* _DATASET SECTION_
****************

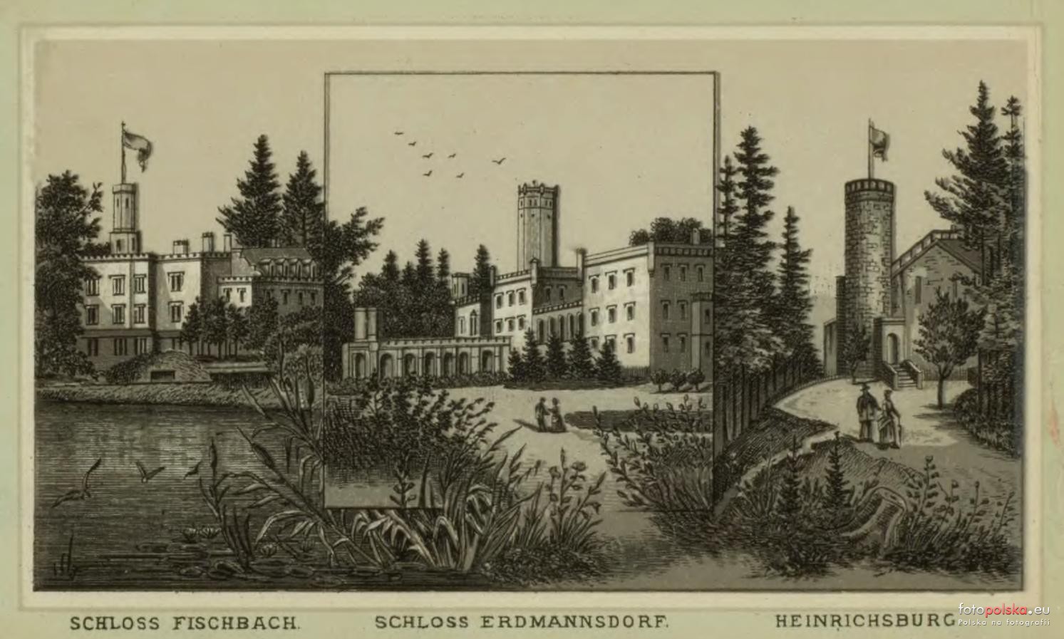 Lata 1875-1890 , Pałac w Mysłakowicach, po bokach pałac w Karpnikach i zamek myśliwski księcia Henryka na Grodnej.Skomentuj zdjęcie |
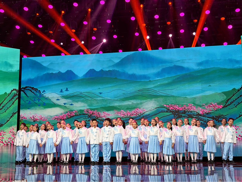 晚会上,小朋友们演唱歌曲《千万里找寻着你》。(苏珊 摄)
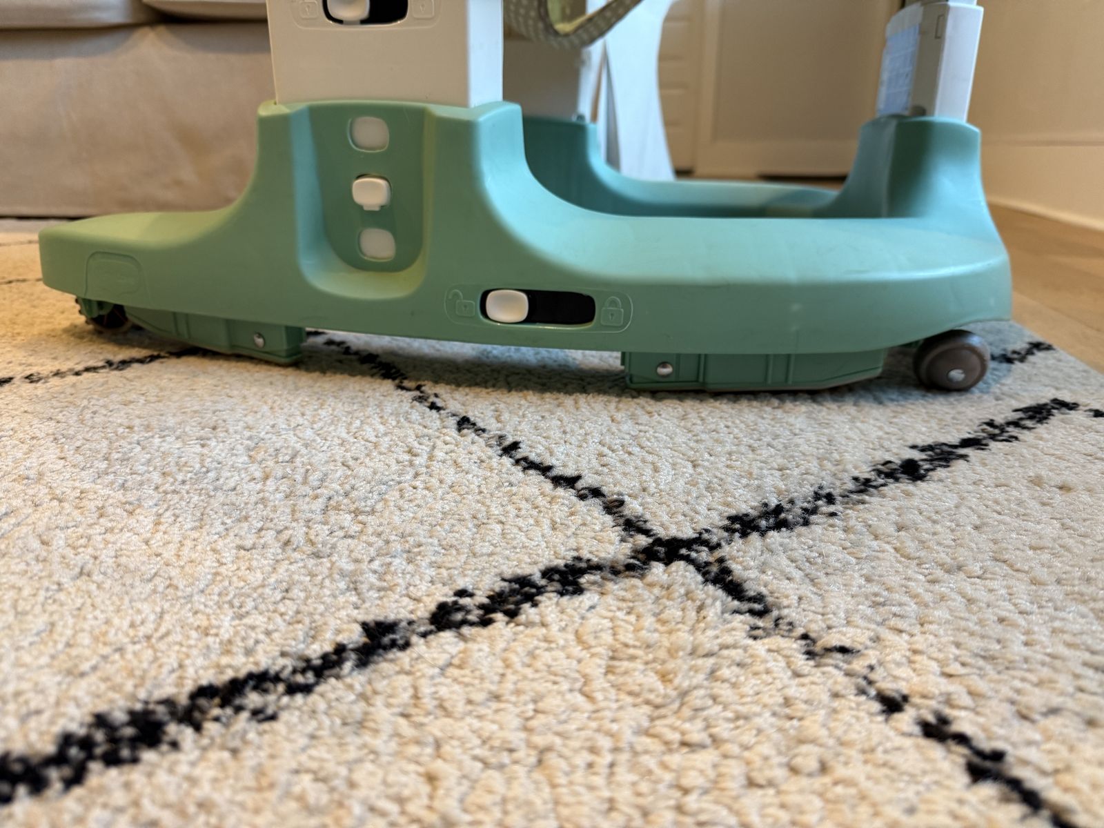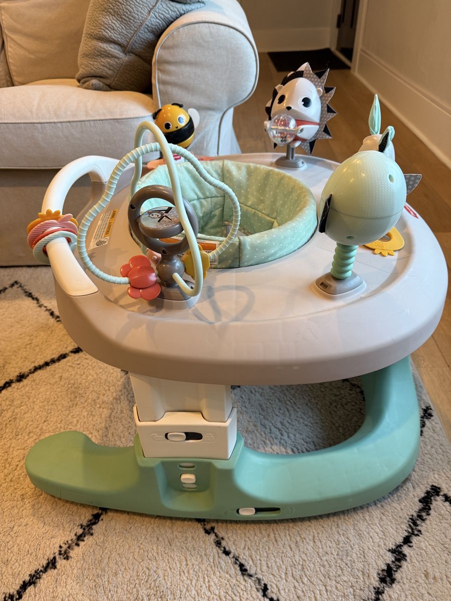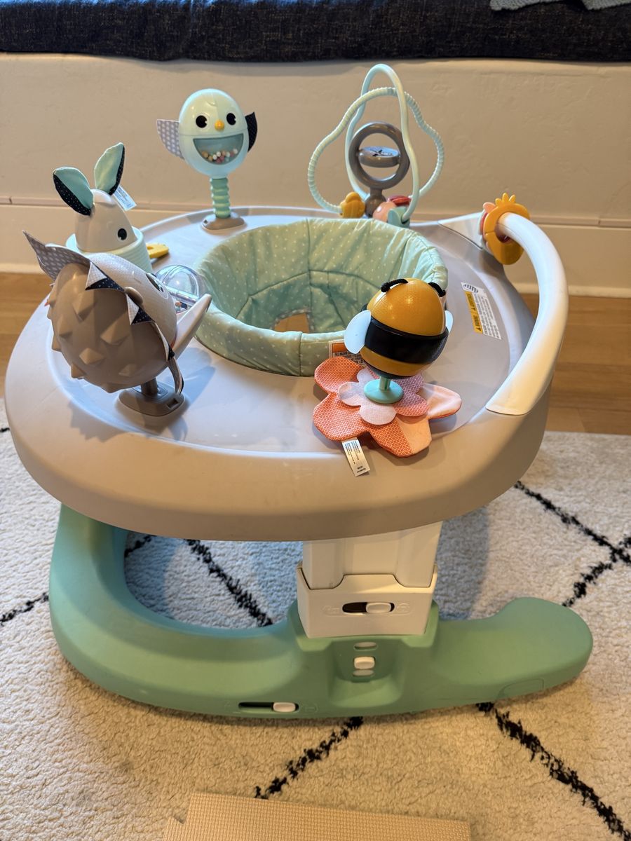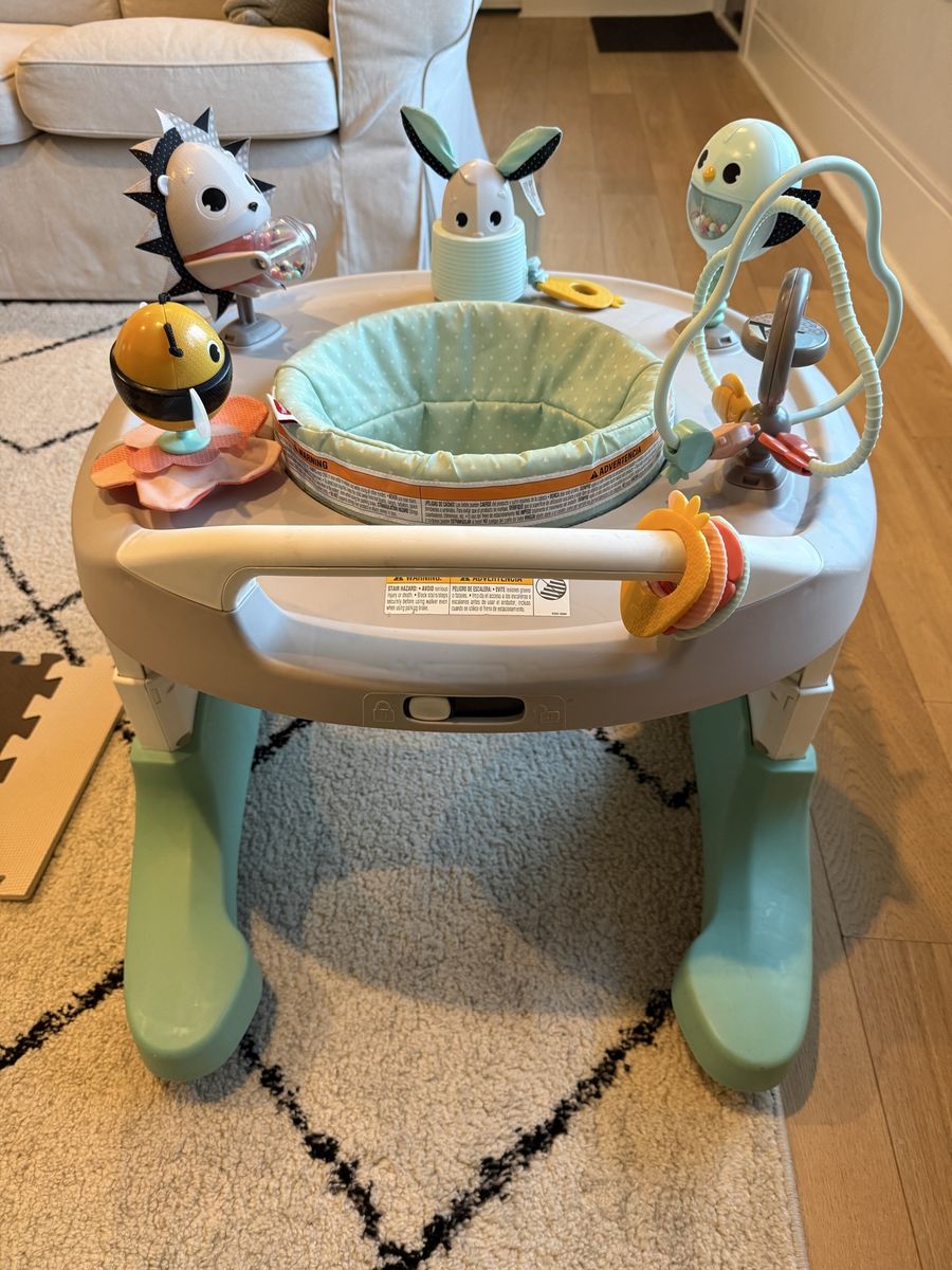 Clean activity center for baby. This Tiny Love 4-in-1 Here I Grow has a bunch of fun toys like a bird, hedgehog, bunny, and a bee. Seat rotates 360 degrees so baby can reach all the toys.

****************

* _WORK REQUEST_
Each line of the data should be printed again exactly. Please leave pictures out.

* _TASK ANSWER_
 Lata 1875-1890 , Pałac w Mysłakowicach, po bokach pałac w Karpnikach i zamek myśliwski księcia Henryka na Grodnej.Skomentuj zdjęcie |
 晚会上,小朋友们演唱歌曲《千万里找寻着你》。(苏珊 摄)
 Clean activity center for baby. This Tiny Love 4-in-1 Here I Grow has a bunch of fun toys like a bird, hedgehog, bunny, and a bee. Seat rotates 360 degrees so baby can reach all the toys.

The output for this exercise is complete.